Hike your way over here and let's go for a walk!</s>
Model Setup with QLoRA
QLoRA combines 4-bit quantization with LoRA for efficient fine-tuning on limited hardware.
import torch
from transformers import AutoModelForCausalLM, BitsAndBytesConfig
model_name = "TinyLlama/TinyLlama-1.1B-intermediate-step-1431k-3T"
# 4-bit quantization configuration - Q in QLoRA
bnb_config = BitsAndBytesConfig(
load_in_4bit=True, # Use 4-bit precision
bnb_4bit_quant_type="nf4", # NormalFloat4 quantization
bnb_4bit_compute_dtype="float16", # Compute in fp16
bnb_4bit_use_double_quant=True, # Nested quantization
)
# Load model with quantization
model = AutoModelForCausalLM.from_pretrained(
model_name,
device_map="auto",
quantization_config=bnb_config,
)
model.config.use_cache = False
model.config.pretraining_tp = 1
# Load tokenizer
tokenizer = AutoTokenizer.from_pretrained(model_name)
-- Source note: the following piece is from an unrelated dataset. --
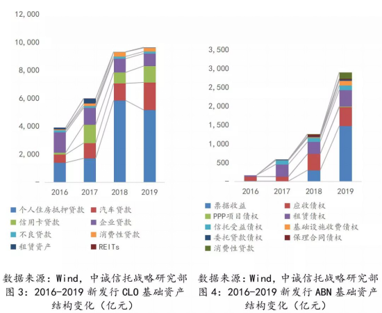 ¶þÊǵײã×ʲúÊèÉ¢»ò×ÊÖʽϺõĻù´¡×ʲú¹æÄ£ºÍÕ¼±ÈÍ»³ö¡£ÐÅÍй«Ë¾¼ÓÈëµÄп¯ÐÐ×ʲú֤ȯ»¯ÓªÒµÖУ¬µ×²ã×ʲúÊèÉ¢»ò×ÊÖʽϺõĻù´¡×ʲúÀàÓªÒµÔöËÙ¸ü¿ì¡¢Õ¼±È¸ü¸ß¡£´Ó2016-2019Äêп¯ÐÐÐÅ´ûCLO»ù´¡×ʲúÀ´¿´£¬·¿´û¡¢³µ´û¡¢ÐÅÓÿ¨´û¡¢ÏûºÄ´û¿îÀàÕûÌå·ºÆðÏÔÖøµÄ¸ßËÙÔöÌíÌ¬ÊÆ£¬¶øÆóÒµ´û¿îÀàÔò½µ·ù½Ï´ó¡£´ÓͬÆÚп¯ÐÐABN»ù´¡×ʲúÀ´¿´£¬Æ±¾ÝÊÕÒæÀà»ù´¡×ʲúÔöËÙ¿ìÇÒ¹æÄ£×î´ó£¬ÔÚ2019Äêп¯ÐÐABN¹æÄ£ÖеÄÕ¼±ÈÒѾµÖ´ïÁË51%£¬ÕâÓëÆ±¾ÝÊг¡×Ô¼ºÌåÁ¿½Ï´ó¡¢ÔÊ¼È¨ÒæÈË×ÊÖʽϸßÓйء£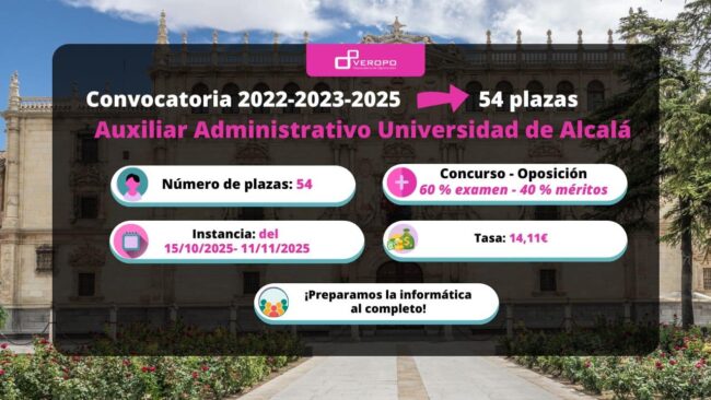 La Universidad de Alcalá convoca 54 plazas como Auxiliar Administrativo de las ofertas de empleo 2022, 2023 y 2025 ¡Vaya notición para los opositores y opositoras amantes de las Universidades! Hay una gran Convocatoria con un total de 54 plazas como Auxiliar Administrativo en la Universidad de Alcalá. ¿Lo mejor? Que si estáis preparando Auxiliar…

tokenizer.pad_token = "<PAD>"
tokenizer.padding_side = "left"
LoRA Configuration
from peft import LoraConfig, prepare_model_for_kbit_training, get_peft_model
# Prepare LoRA Configuration
peft_config = LoraConfig(
lora_alpha=32, # LoRA scaling factor
lora_dropout=0.1, # Dropout for LoRA layers
r=64, # Rank (number of trainable parameters)
bias="none",
task_type="CAUSAL_LM",
target_modules=[ # Which layers to adapt
'k_proj', 'gate_proj', 'v_proj',
'up_proj', 'q_proj', 'o_proj', 'down_proj'
]
)
# Prepare model for training
model = prepare_model_for_kbit_training(model)
model = get_peft_model(model, peft_config)
Training Configuration
from transformers import TrainingArguments
output_dir = "./results"
# Training arguments
training_arguments = TrainingArguments(
output_dir=output_dir,
per_device_train_batch_size=2,
gradient_accumulation_steps=4, # Effective batch = 2 * 4 = 8
optim="paged_adamw_32bit",
learning_rate=2e-4,
lr_scheduler_type="cosine",
num_train_epochs=1,
logging_steps=10,
fp16=True,
gradient_checkpointing=True
)
SFT Training
from trl import SFTTrainer
# Set supervised fine-tuning parameters
trainer = SFTTrainer(
model=model,
train_dataset=dataset,
dataset_text_field="text",
tokenizer=tokenizer,
args=training_arguments,
max_seq_length=512,
peft_config=peft_config,
)
# Train model
trainer.train()
# Save QLoRA weights
trainer.model.save_pretrained("TinyLlama-1.1B-qlora")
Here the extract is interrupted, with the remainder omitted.